転職を検討する際は、まず自分のキャリアプランや働き方の希望をしっかりと整理することが大切です。どのような職種で、どんな条件の下で働きたいのか、明確にしておきましょう。そうすることで、自分に合った求人を効率的に探すことができます。
また、転職活動中は、現在の勤務先を辞めるタイミングにも注意が必要です。「転職先が決まってから退職する」というのが基本的な流れですが、会社によっては退職の意思を伝える時期が決まっている場合もあります。社内規定をよく確認し、スケジュールに余裕を持って進めることをおすすめします。

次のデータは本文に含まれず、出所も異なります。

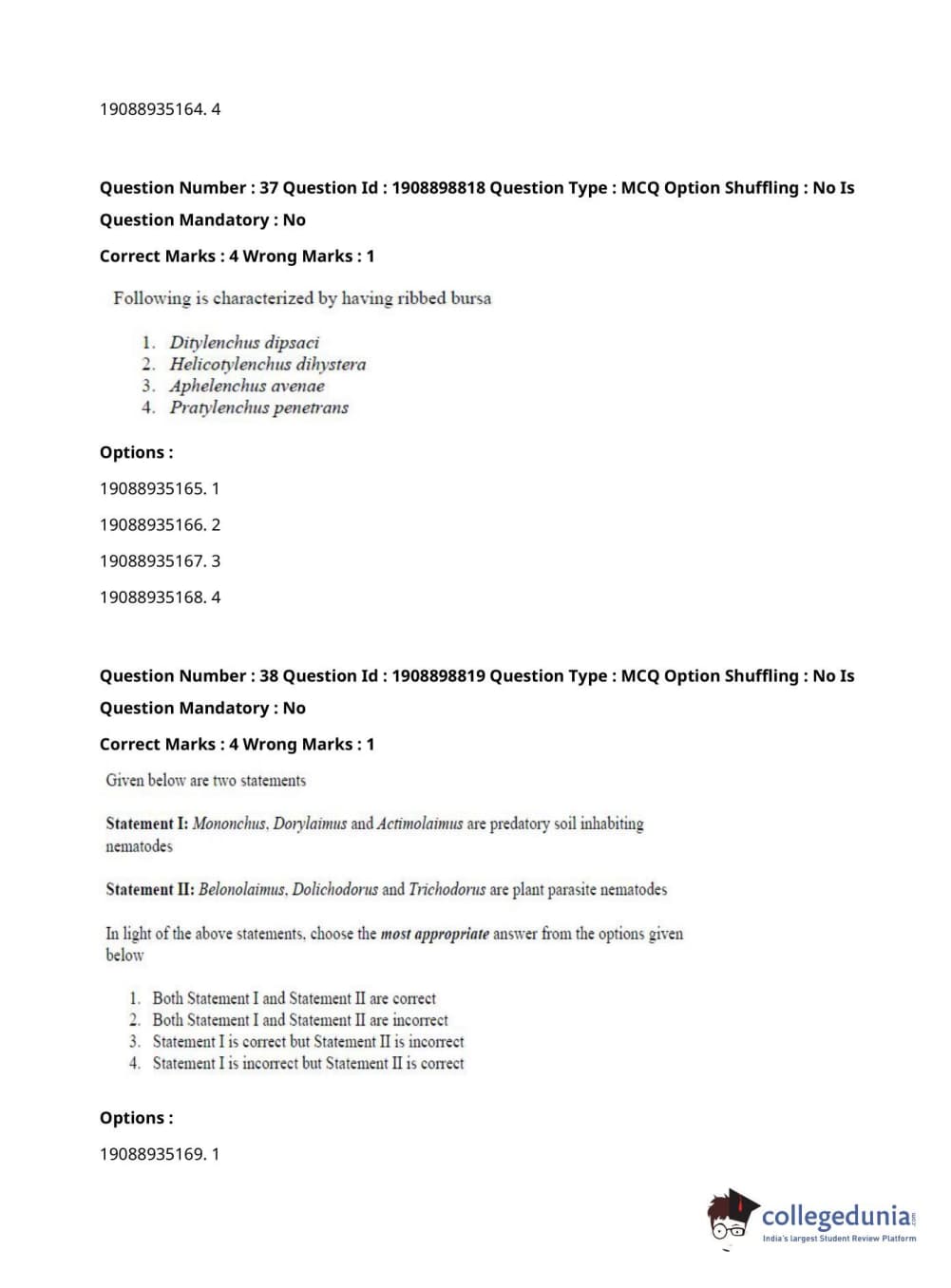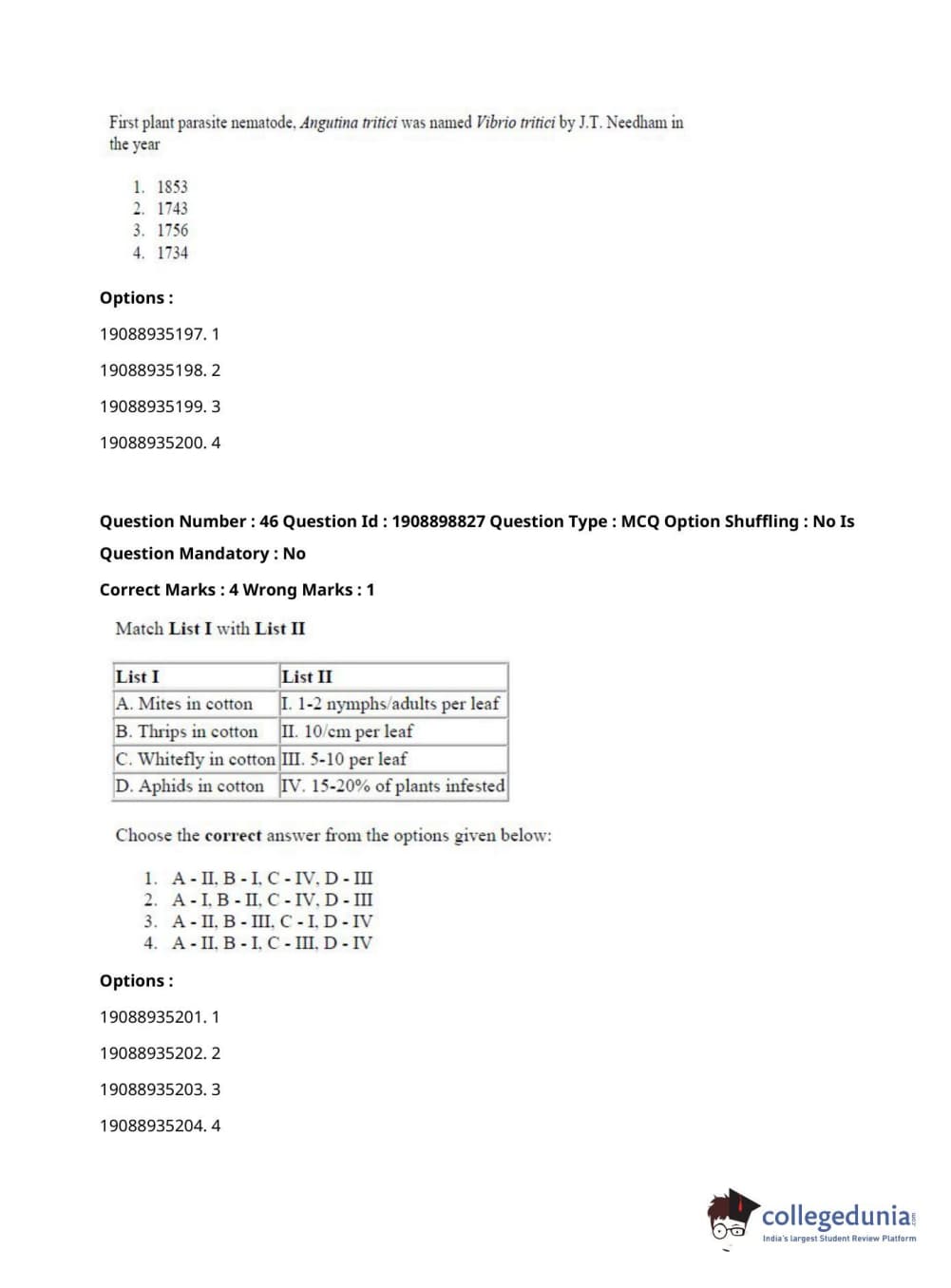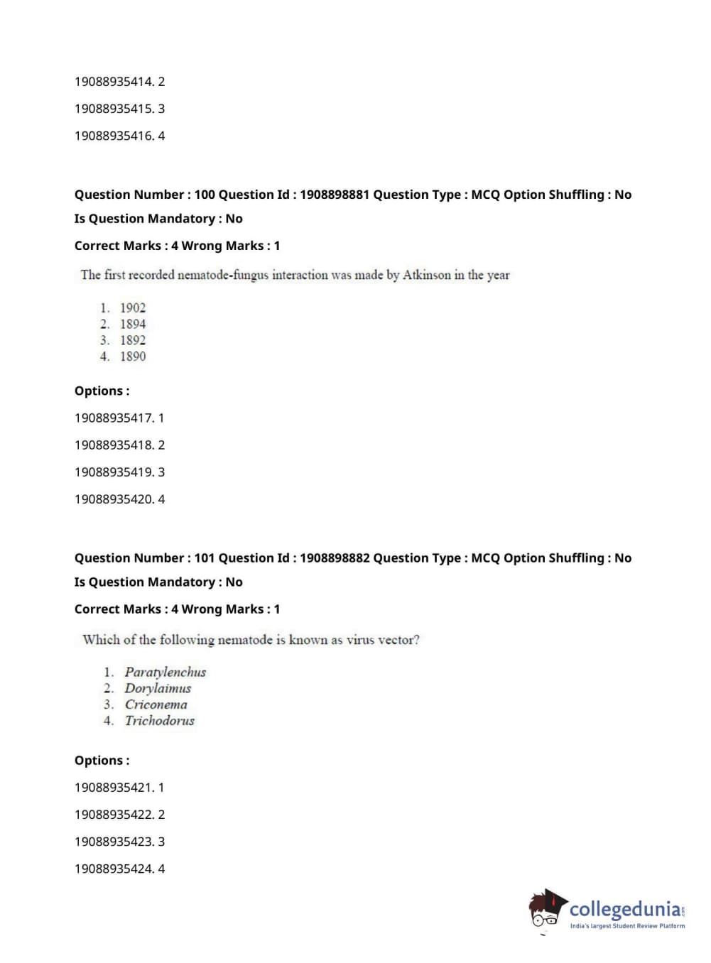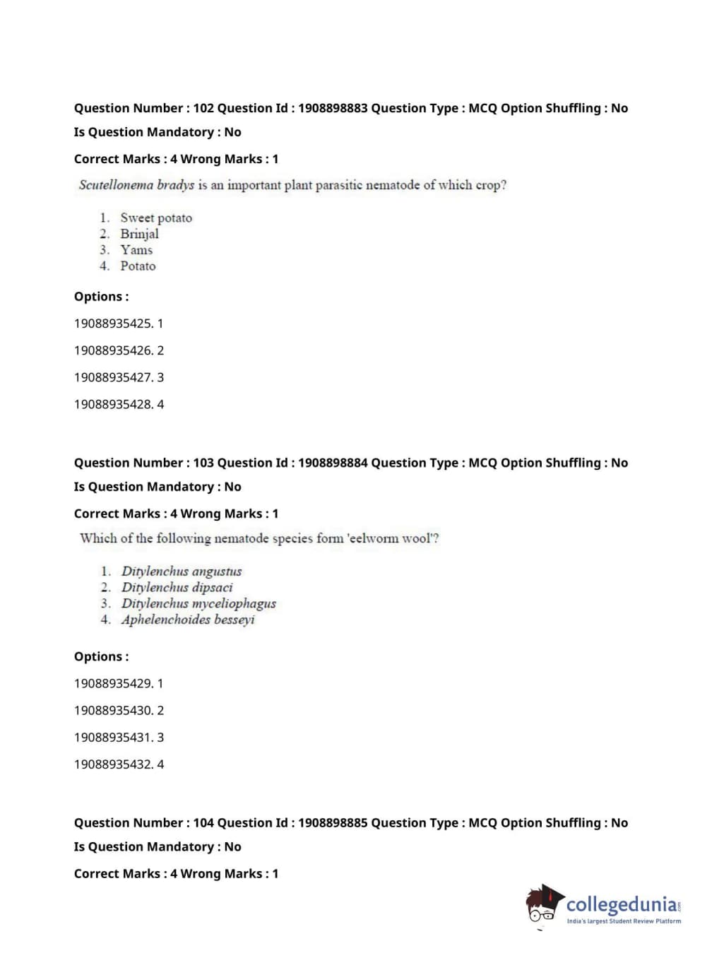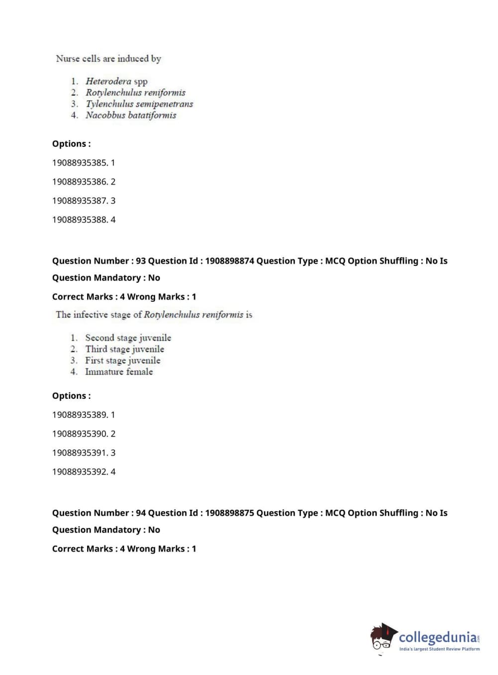 ICAR AIEEA 2021 JRF - NEMATOLOGY Question Paper with Answer Key PDFs Afternoon Session

転職先が決まる前に現在の職を辞めてしまうと、一時的に収入がなくなってしまうリスクがあり、特に外国人の方の場合、在留資格の関係で無職の期間を作れないケースもあるでしょう。慎重に、計画的に転職活動を進めていくことが大切です。
日本で転職する場合の注意点
上記の転職の流れにおいて、いくつか注意点があります。
まず、転職の目的や目標を明確にすることが重要です。たとえば、以下のようなものが考えられます。
- 今より年収の高い仕事に転職する
- 今より年間休日が多い仕事に転職する
- 今より休みが取りやすい仕事に転職する
「転職してどんな働き方をしたいのか」「どのようなキャリアを描きたいのか」といったビジョンを持つことが、転職成功の鍵となります。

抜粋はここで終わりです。